Die Mindestgebühren für Bitcoin -Transaktionen wurden um 90 % gesenkt. Diese Nachricht kommt inmitten der Debatten darüber, wofür sich Bitcoin am besten eignet. Einige halten ihn für besser geeignet für alltägliche Zahlungen, während andere weiterhin davon überzeugt sind, dass er die Voraussetzungen für einen Wertspeicher erfüllt.

In den letzten Jahren haben einige Enthusiasten die Ansicht geäußert, dass Bitcoin kein gewöhnliches digitales Asset mehr sei, da sein Wert seit seiner Einführung recht stabil geblieben ist. Um Bitcoin attraktiver zu machen, können Nutzer des größten Kryptonetzwerks ihre Transaktionen nun für nur 0,1 Satoshi pro virtuellem Byte (sat/vByte) abwickeln. Ein Satoshi ist die kleinste Einheit von Bitcoin; ein Satoshi entspricht derzeit etwa 0,00000001 BTC.
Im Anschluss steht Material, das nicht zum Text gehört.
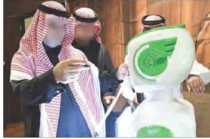
شكل رقم (١٠٢) الروبوت
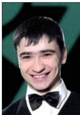
Юрий Пашинский 2002 и 2004 г.
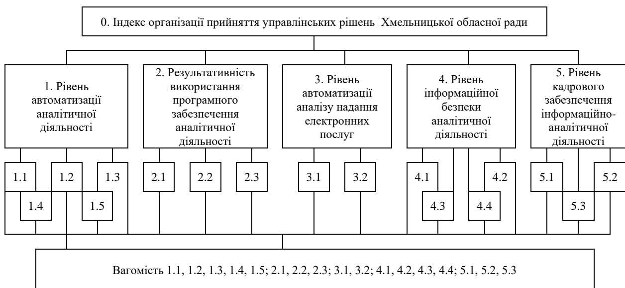
Рисунок 2.2 – Модель ієрархії визначення вагомості складових індексу організації прийняття управлінських рішень органу публічної влади Примітка. Складено автором

Таким чином, маємо просту ієрархію, наведену на рис. 2.4.

Die Mindesttransaktionsgebühr Bitcoin sinkt um 90 %

Laut bisherigen Aufzeichnungen müssen Miner üblicherweise 1 Satoshi/vByte als Mindestgebühr für die Verarbeitung ihrer Transaktionen zahlen. Da das führende Netzwerk für digitale Vermögenswerte jedoch seit einiger Zeit wenig Aktivität aufweist, haben die Miner beschlossen, die Mindestgebühr um 905 zu senken, um mehr Blöcke zur Blockchain hinzuzufügen. Dies bezieht sich auf das Gewicht einer Transaktion und deren Verarbeitungsgeschwindigkeit. Bei hoher Auslastung der Blockchain ist es in der Regel teurer, wenn Miner Ihre Transaktionen priorisieren.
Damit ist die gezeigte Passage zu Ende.